Aside from her acting, we all know Ellen Pompeo for her abundance of common sense and the way that she gives zero f--ks about speaking her mind.
But some newly resurfaced remarks that she made about Harvey Weinstein's victims could tarnish that reputation forever.
In July 2018, the Grey's Anatomy star spoke at an Oxford Union Q&A.
A particular one-minute clip of that shows her expressing some appalling opinions about now-imprisoned rapist Harvey Weinstein and his victims.
"I think we bear some responsibility," Ellen stated for some reason.
"Not all," she clarified, before clownishly adding: "But it takes two to tango for sure."
"That's not to blame the victim," Ellen said after blaming the victim.
"That's just to say... I did go into a room with Harvey Weinstein, I sat at a table with him, I had a probably two and a half hour with him," she recalled.
"He never said anything inappropriate to me," Ellen stated, "he never made any sort of physical advance to me."
It seems that, in Ellen's mind, this means that she did something right and that his victims must have done something "wrong."
"I wasn't in the room alone with him," Ellen recalled in apparent self-praise.
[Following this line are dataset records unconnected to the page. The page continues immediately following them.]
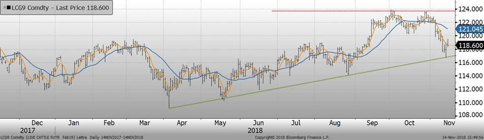 Hier, le bœuf de décembre rebondissait légèrement de son support (+0.45¢/lb) et clôturait la journée à 115.38¢/lb. À court terme, le bœuf de décembre ne devrait pas apporter de grandes surprises alors que l’échéance se rapproche de plus en plus. La journée s’est amorcée avec un mouvement de replis sur décembre, alors que plusieurs positions longues étaient liquidées. Techniquement, le rebond sur le support à 115¢/lb est un signe positif qui consolide ce support. À moyen terme, le marché semble anticipé d’avantage de gains pour février qui grimpait de +0.75¢/lb mardi et baissait de -0.4¢ aujourd’hui, à 118.60.
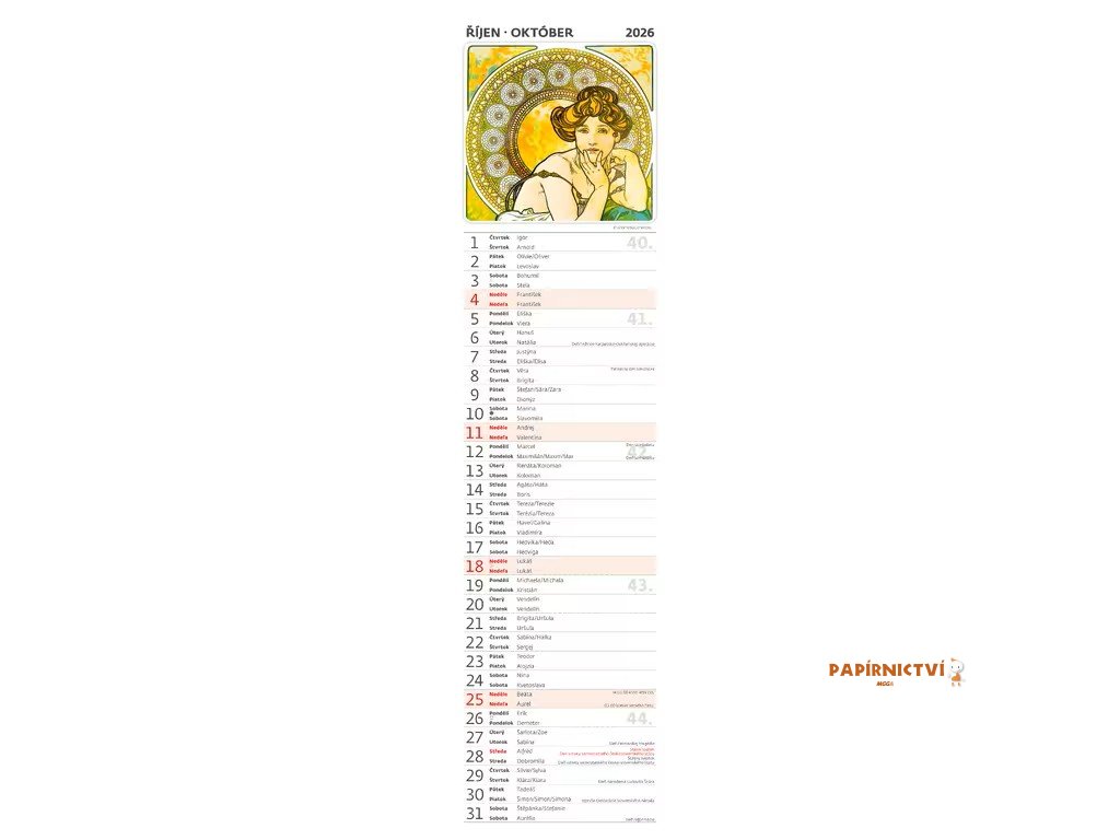 Kalendář Alfons Mucha - vázanka
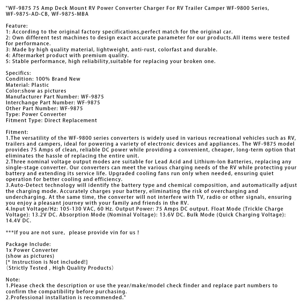 WF-9875 75 Amp Deck Mount RV Power Converter Charger For RV Trailer Camper WF-9800 Series, WF-9875-AD-CB, WF-9875-MBA

She detailed: "I had been sent there by an agent in the middle of the daytime."
"I didn't think there was anything wrong," Ellen noted.
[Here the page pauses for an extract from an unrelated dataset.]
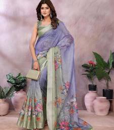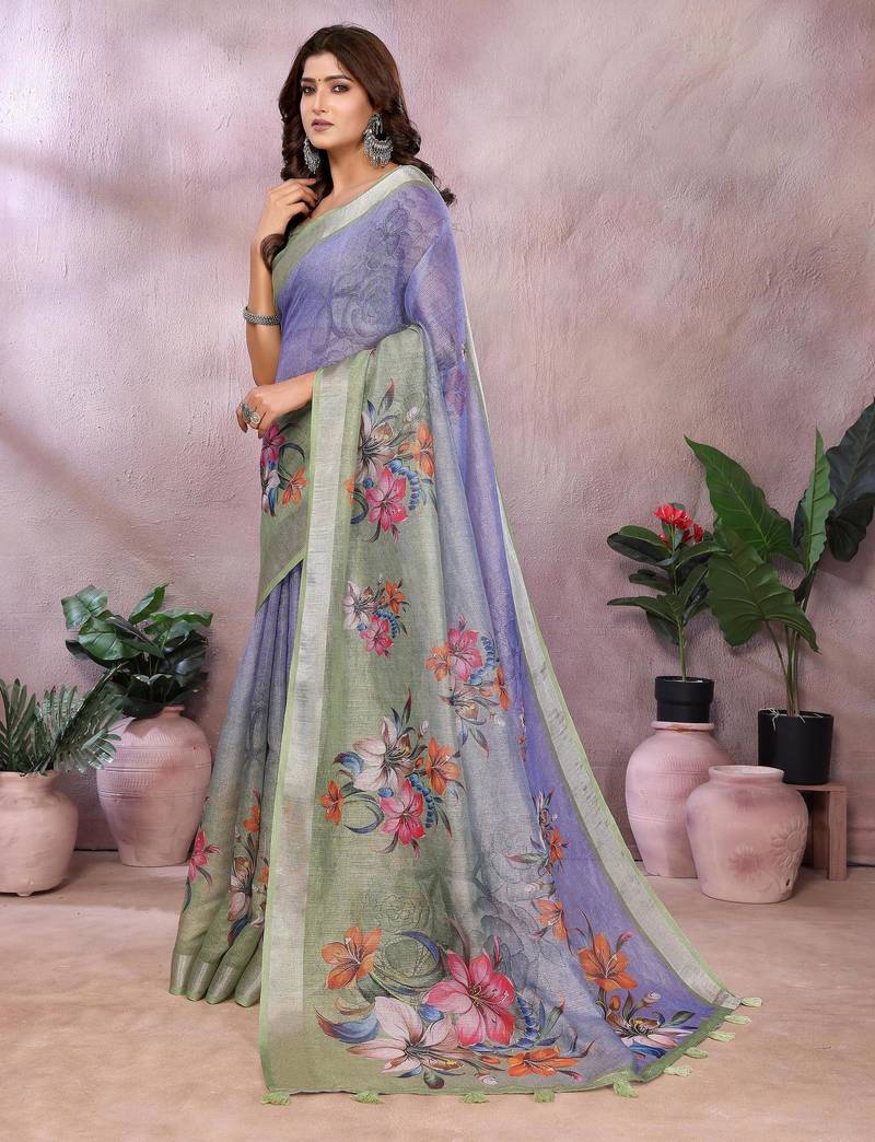 | Product Name | Lavender Printed Designer Pallu Linen Saree | |
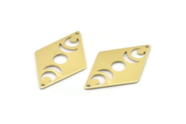 2 Delikli, Eşkenar Dörtgen Boşluklu Ham Pirinç Ay Takıları

She added: "I wouldn't have gone into that room at night."
"But he did nothing inappropriate toward me," Ellen reiterated.
She then claimed: "Now had he, I would have picked up that glass and smashed him across the side of the face with it."
A lot of folks think that they would just leave, or fight back, or somehow be so much smarter and braver than a predator's victims.
They think that ... until they're alone and frightened, dealing with a man who might kill them or use the legal system to ruin their lives if they fight.
"So I mean, it's all what we're willing to tolerate in our self-esteem," Ellen opined.
"And what are we going to put up with," she continued.
"And what," Ellen added, "are we going to compromise to be liked, to be loved, to be accepted?"
She then rhetorically asked: "How bad do we want to be in show business?"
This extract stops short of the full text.